Often, a simple 2-parameter logistic regression model provides an adequate summary of how a binary response relates to dose. This model specifies that the logit-transformed response probability is linear in the dose metric. Consequently, the parameters of interest are an intercept and a slope. Under this model, the dose-response curve has a lower asymptote of zero and an upper asymptote of one, the limits of the expected range of response probabilities.

That [0,1] range may not always be appropriate for modeling response probabilities. For example, some flies may die from causes unrelated to selenium toxicity while others may survive the study no matter how high the dose of selenium. Similarly, some patients may get pain relief from a placebo with no analgesic drug while others may get no pain relief regardless of analgesic dose; and some rodents may develop tumors from non-dioxin causes while others may remain tumor-free despite dioxin exposure. Finney (1978) gives several other biological assay examples and labels such subjects as natural responders and resistants, which we refer to as obligate responders and obligate non-responders, respectively. In these cases, the dose-response probabilities range over a subinterval of [0,1]. Thus, a natural generalization of the 2-parameter logistic model adds two more parameters so that the lower response asymptote may be greater than zero and the upper response asymptote may be less than one. The resulting 4-parameter logistic model provides increased flexibility at the cost of a higher dimensional optimization.

The notion that some subjects will or will not respond, independently of dose, while others have response probabilities that depend on dose suggests reformulating the problem as a mixture model with missing data. One observes indicators of whether or not subjects responded, but not indicators of which subjects were obligate responders and non-responders. Viewing the latter indicators as missing data, we developed an EM algorithm (Dempster et al, 1977) to estimate the proportions of subjects “destined” to respond and “unsusceptible” to response. Under a 2-parameter logistic model for the dose-response relationship among subjects who were neither obligate responders nor obligate non-responders, the EM algorithm provides maximum likelihood estimates (MLEs) of the intercept and slope, plus the destined and unsusceptible proportions, which together constitute the four unknowns in the full 4-parameter logistic model.
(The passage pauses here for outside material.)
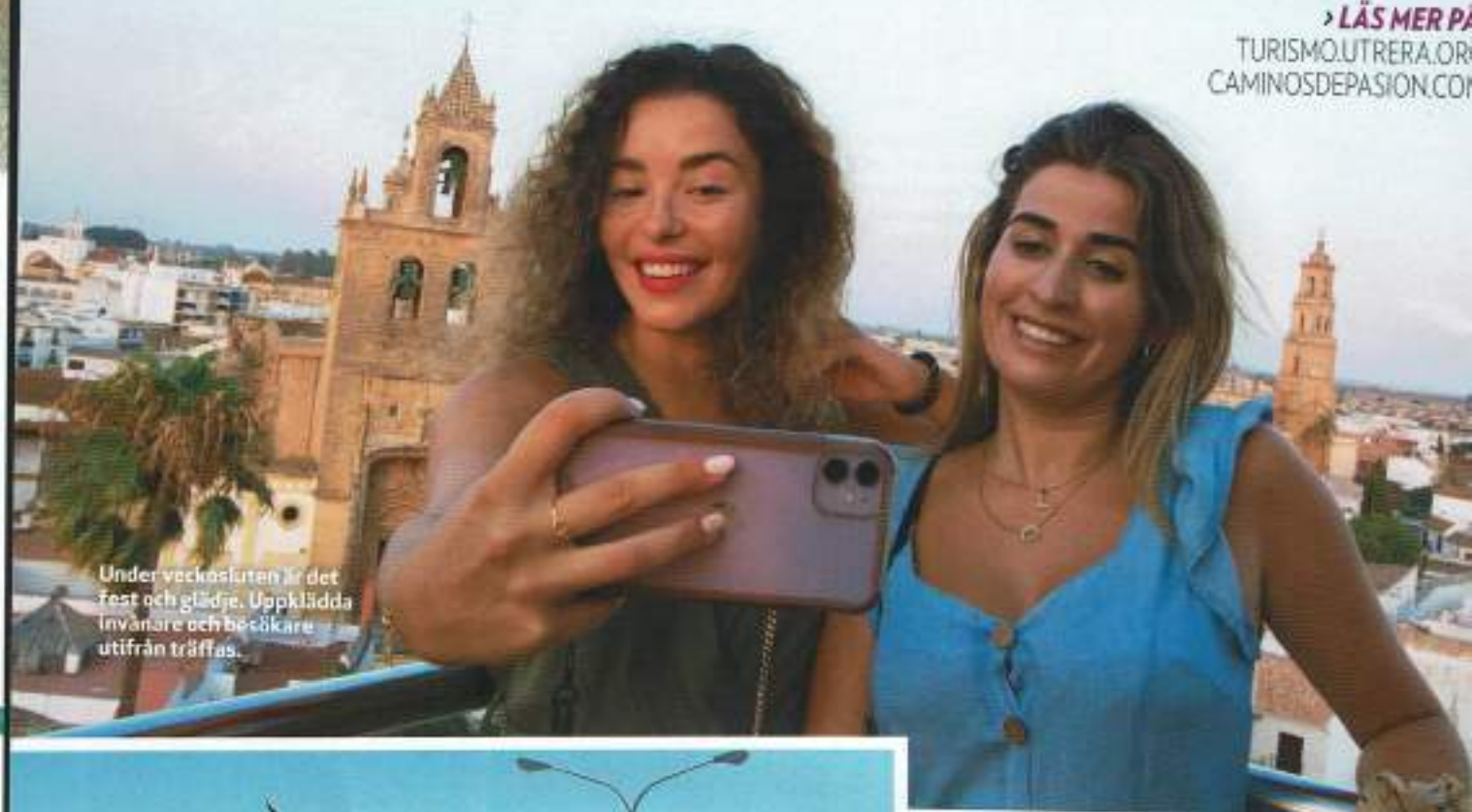
Under veckosluten är det fest och glädje. Uppklädda invånare och besökare utifrån träffas.

In analyzing the selenium data, Jeske et al (2009) applied a probit model, which is similar to a logistic model. They assumed the upper asymptote was one, but allowed for a nonzero lower asymptote representing the proportion of deaths unrelated to selenium toxicity. They obtained an estimate of the lower asymptote from the control (dose zero) data only and treated it as a known value when estimating the intercept and slope in the probit model. Differences between probit and logistic analyses aside, this article extends the basic model of Jeske et al (2009) in three ways. It permits the upper asymptote to be less than one to allow a proportion of “immune” flies to survive the study regardless of the selenium dose; it simultaneously estimates the intercept, slope, and two asymptotes; and it estimates the asymptotes using data from all dose groups.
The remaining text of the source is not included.